(Beginning of COLLECTED DATA)

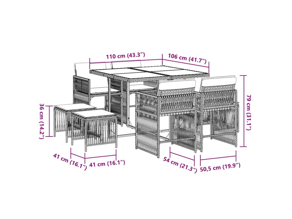 Tento zahradní jídelní set je skvělou volbou pro stolování pod širým nebem nebo jen tak pro odpočívání na zahradě, dvorku či terase.
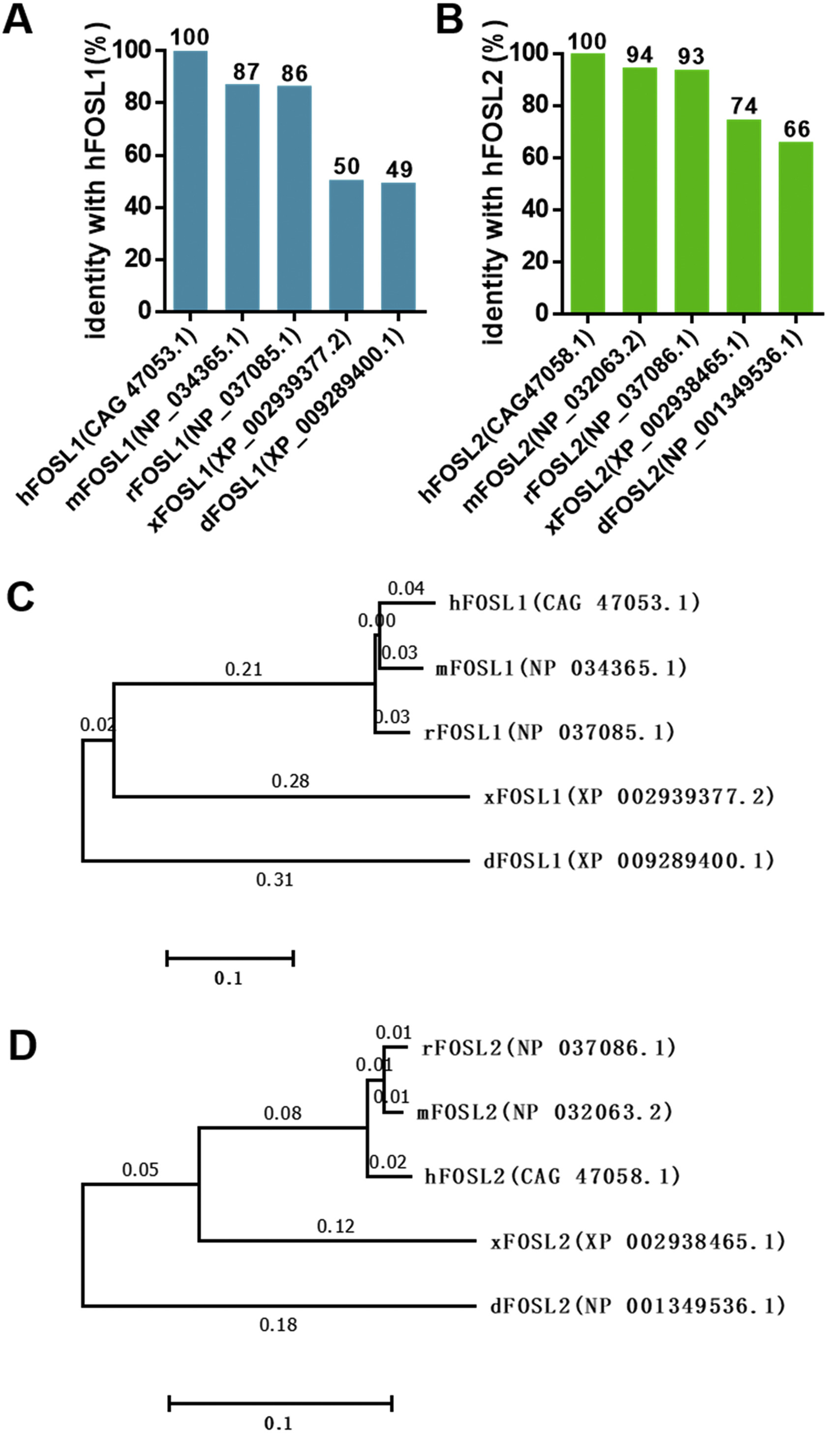 Fig. 1. Identification of two fosl genes from Xenopus tropicalis. (A and B) The identity ratio of protein sequence of human Fosl1 (A) and Fosl2 (B) compared with homologs in other vertebrates. M, mouse; r, rat; x,Xenopus tropicalis; d, Danio rerio. (C and D) Phylogenetic analysis of Fosl1(C) and Fosl2 (D) proteins from Xenopus tropicalis, human, mouse, rat,and Danio rerio.
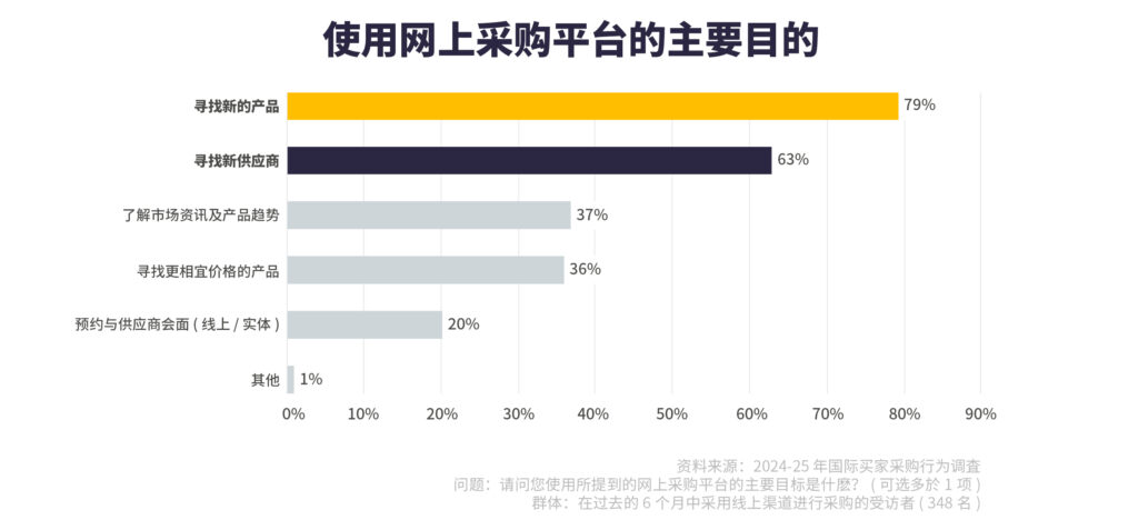 为了在竞争中脱颖而出,在线上采购产品与服务的受访者中有79%表示,其主要目的是寻找新产品。线上平台能够提供来自全球供应商的多样化产品,使其成为希望扩展产品线的买家的理想选择。除了发现产品,买家还通过寻找新供应商来减少对现有供应商的依赖,并争取更有利的合作条件。
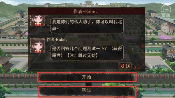 2、点击【开始】按钮进入测试环节获取属性,若点击【跳过】则会直接进入剧情部分。

(End of COLLECTED DATA)

ASSIGNMENT:
From the line containing "Fig. 1. Identification" down to the last line of the data above, transcribe exactly those lines and no others; omit the pictures.

RESPONSE BOX:
 Fig. 1. Identification of two fosl genes from Xenopus tropicalis. (A and B) The identity ratio of protein sequence of human Fosl1 (A) and Fosl2 (B) compared with homologs in other vertebrates. M, mouse; r, rat; x,Xenopus tropicalis; d, Danio rerio. (C and D) Phylogenetic analysis of Fosl1(C) and Fosl2 (D) proteins from Xenopus tropicalis, human, mouse, rat,and Danio rerio.
 为了在竞争中脱颖而出,在线上采购产品与服务的受访者中有79%表示,其主要目的是寻找新产品。线上平台能够提供来自全球供应商的多样化产品,使其成为希望扩展产品线的买家的理想选择。除了发现产品,买家还通过寻找新供应商来减少对现有供应商的依赖,并争取更有利的合作条件。
 2、点击【开始】按钮进入测试环节获取属性,若点击【跳过】则会直接进入剧情部分。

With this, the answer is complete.